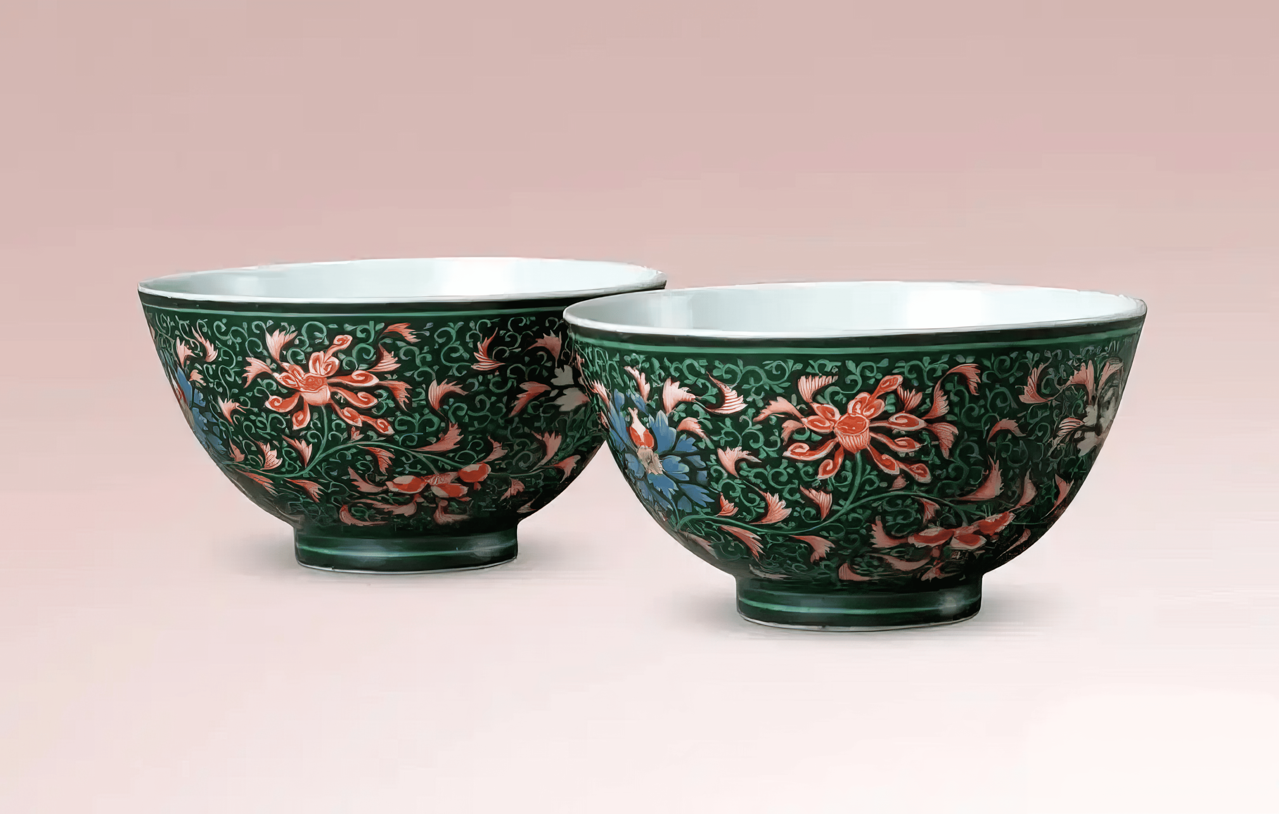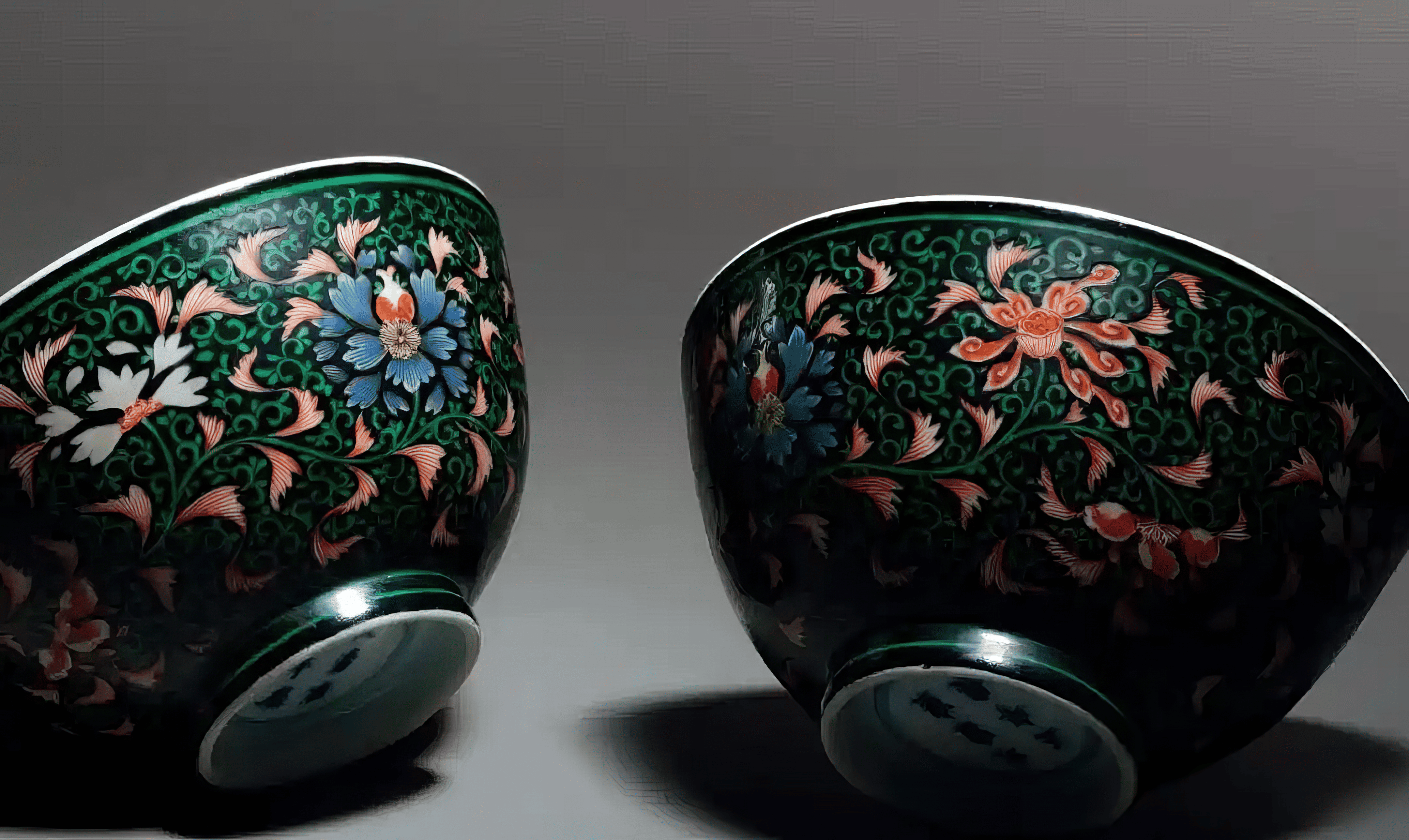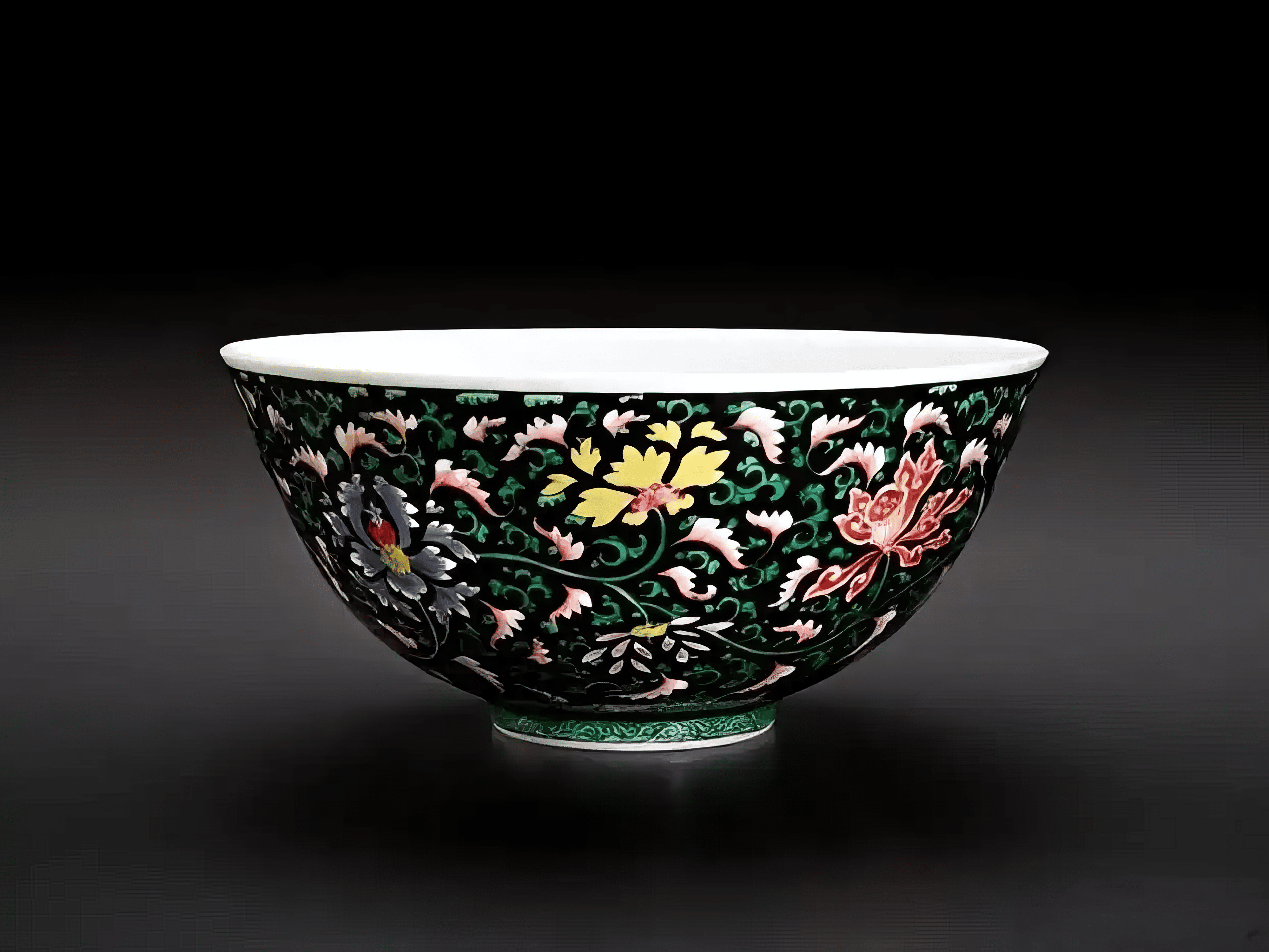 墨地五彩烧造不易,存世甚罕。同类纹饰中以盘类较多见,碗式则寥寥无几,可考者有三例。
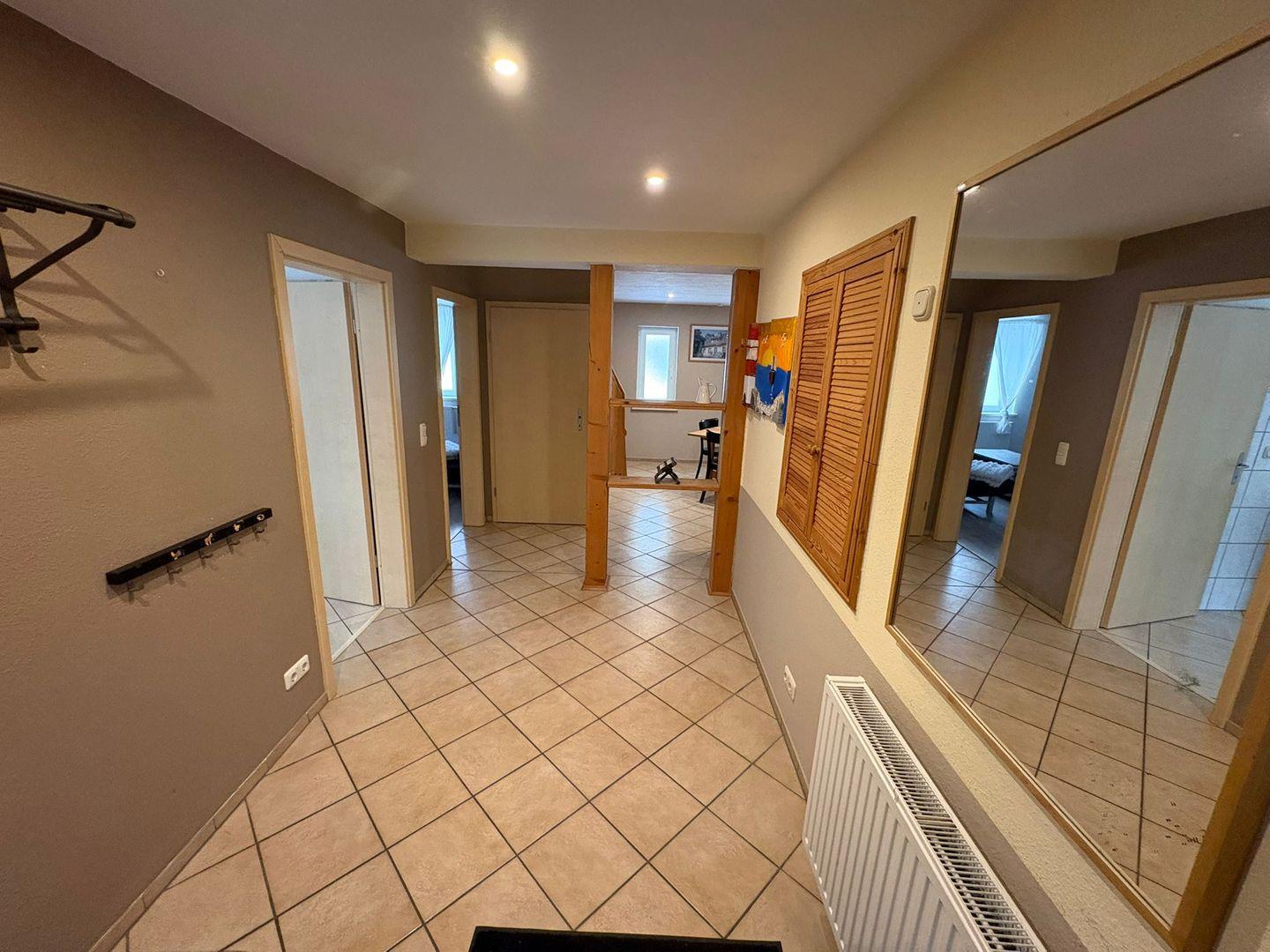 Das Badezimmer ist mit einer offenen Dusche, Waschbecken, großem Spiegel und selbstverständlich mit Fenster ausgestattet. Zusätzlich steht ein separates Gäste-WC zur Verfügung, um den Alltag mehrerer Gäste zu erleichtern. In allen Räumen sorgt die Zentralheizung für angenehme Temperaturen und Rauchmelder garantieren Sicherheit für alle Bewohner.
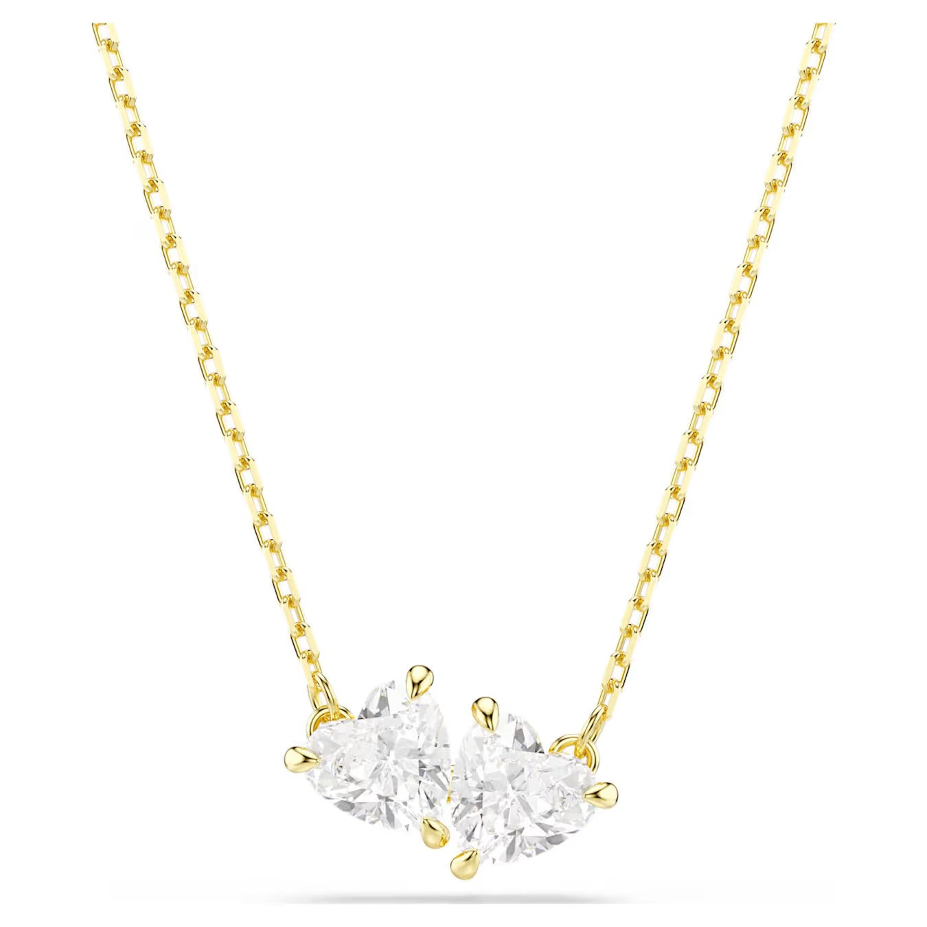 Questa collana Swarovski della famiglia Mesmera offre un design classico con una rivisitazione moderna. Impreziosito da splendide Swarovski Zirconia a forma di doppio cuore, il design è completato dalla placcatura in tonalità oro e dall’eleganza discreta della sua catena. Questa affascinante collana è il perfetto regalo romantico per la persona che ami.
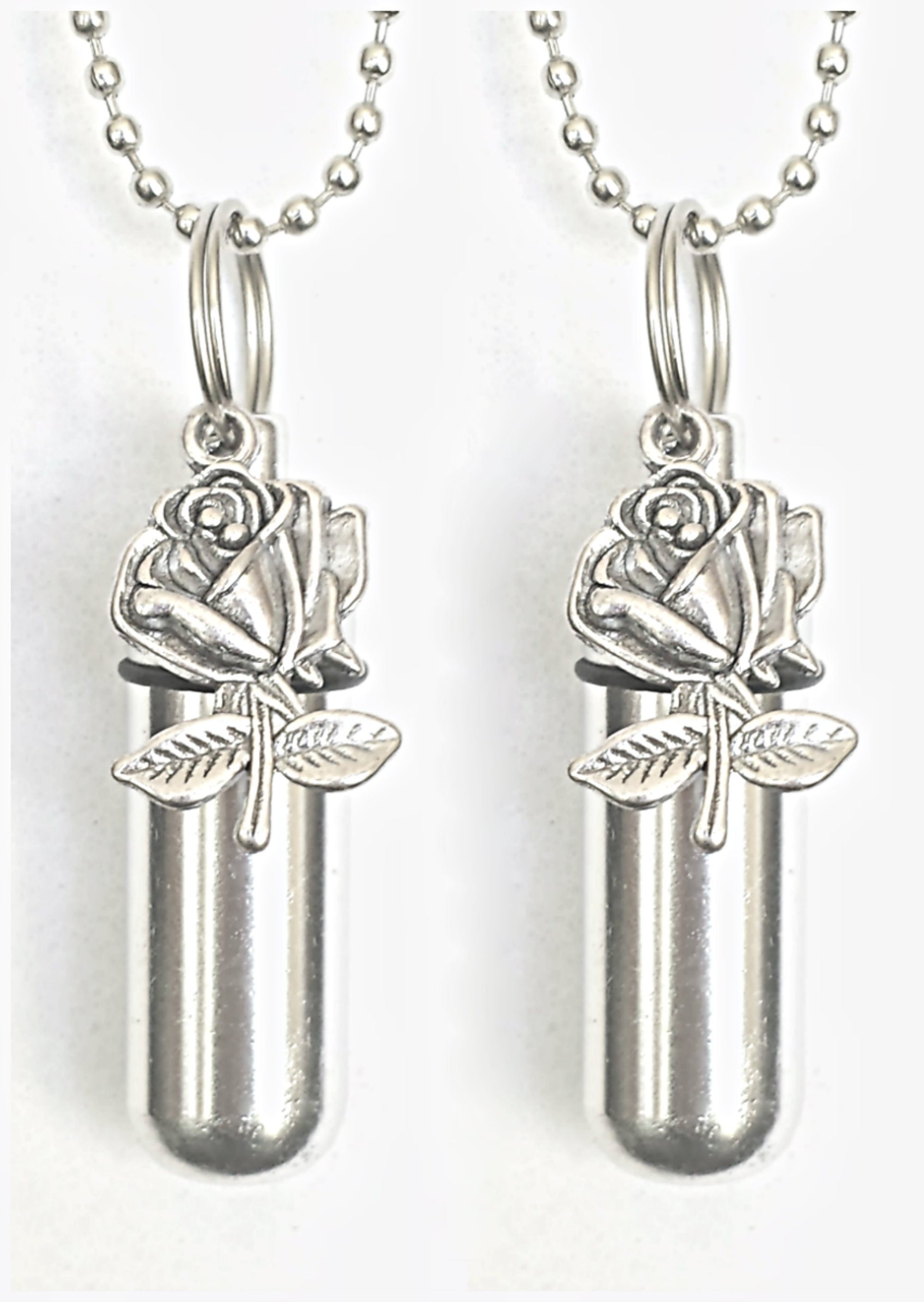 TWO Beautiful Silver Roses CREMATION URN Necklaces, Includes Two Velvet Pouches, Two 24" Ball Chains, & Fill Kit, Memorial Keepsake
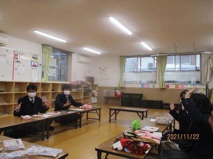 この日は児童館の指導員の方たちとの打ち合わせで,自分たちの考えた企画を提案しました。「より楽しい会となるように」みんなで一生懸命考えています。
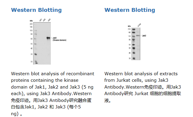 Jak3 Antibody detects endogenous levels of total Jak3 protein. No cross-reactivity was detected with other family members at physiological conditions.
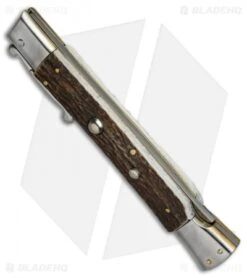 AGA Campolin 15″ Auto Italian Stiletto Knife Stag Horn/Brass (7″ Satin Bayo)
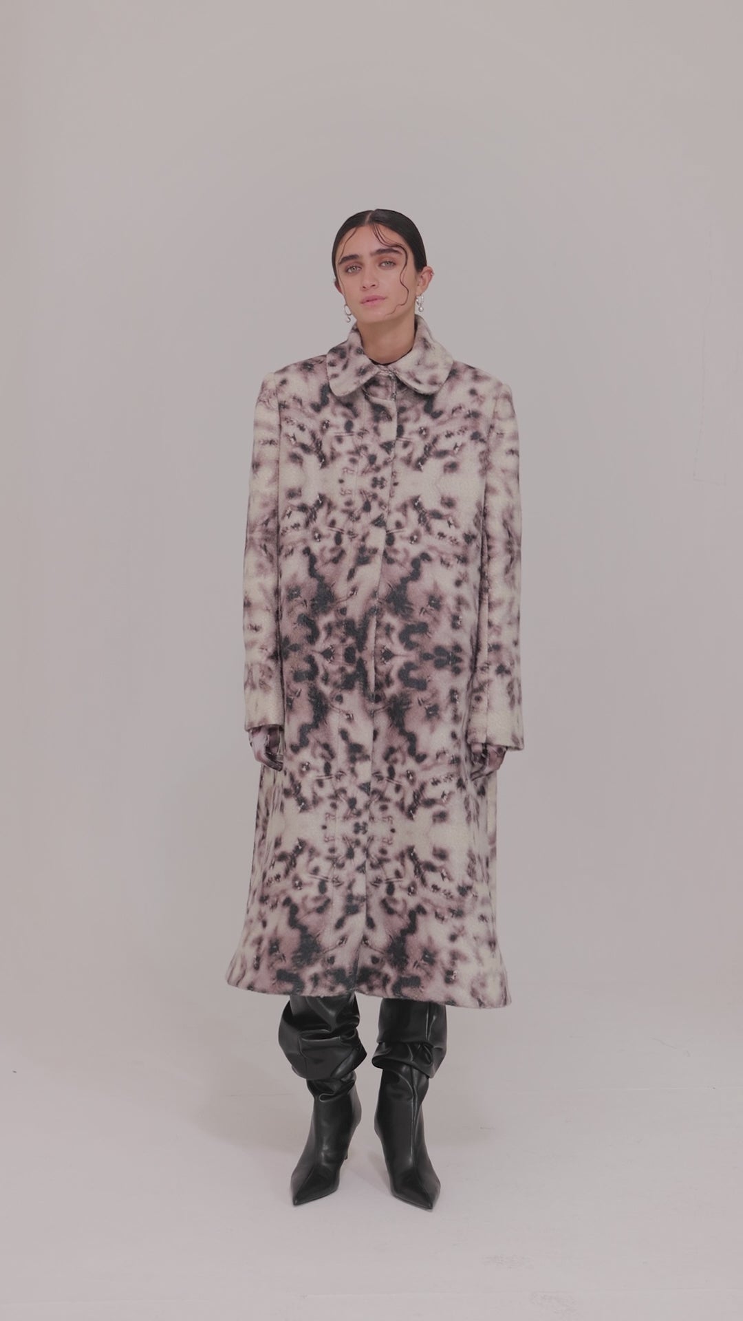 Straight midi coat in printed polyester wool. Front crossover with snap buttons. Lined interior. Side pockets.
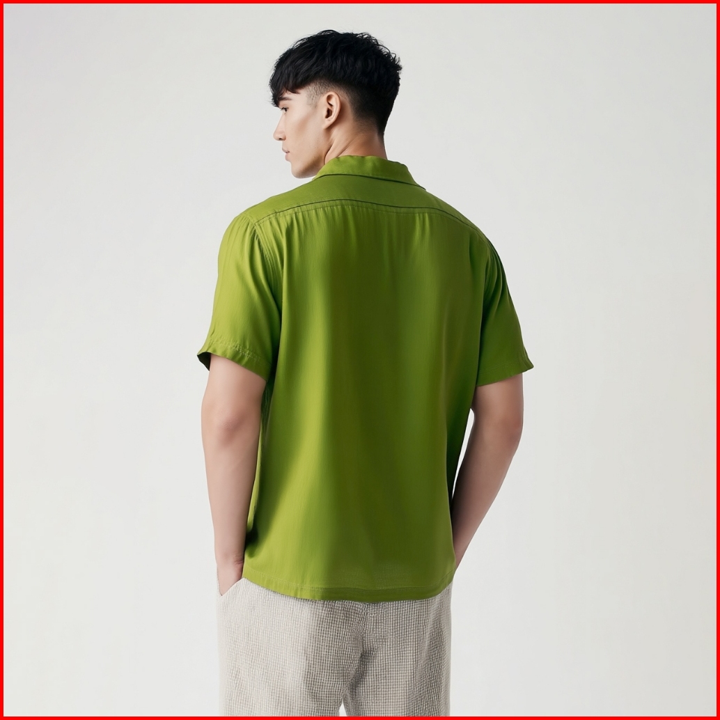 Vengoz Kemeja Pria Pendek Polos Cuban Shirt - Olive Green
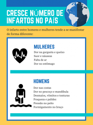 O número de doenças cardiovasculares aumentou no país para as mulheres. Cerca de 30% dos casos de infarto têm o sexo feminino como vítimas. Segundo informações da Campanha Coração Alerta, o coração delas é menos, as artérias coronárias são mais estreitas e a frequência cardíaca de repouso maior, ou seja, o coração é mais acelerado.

## GOAL OF THE EXERCISE:
Copy nothing past the line containing "Questa collana Swarovski": reproduce every line from the start of the records up to it, skipping pictures.

## RESPONSE TO THIS EXERCISE:
 墨地五彩烧造不易,存世甚罕。同类纹饰中以盘类较多见,碗式则寥寥无几,可考者有三例。
 Das Badezimmer ist mit einer offenen Dusche, Waschbecken, großem Spiegel und selbstverständlich mit Fenster ausgestattet. Zusätzlich steht ein separates Gäste-WC zur Verfügung, um den Alltag mehrerer Gäste zu erleichtern. In allen Räumen sorgt die Zentralheizung für angenehme Temperaturen und Rauchmelder garantieren Sicherheit für alle Bewohner.
 Questa collana Swarovski della famiglia Mesmera offre un design classico con una rivisitazione moderna. Impreziosito da splendide Swarovski Zirconia a forma di doppio cuore, il design è completato dalla placcatura in tonalità oro e dall’eleganza discreta della sua catena. Questa affascinante collana è il perfetto regalo romantico per la persona che ami.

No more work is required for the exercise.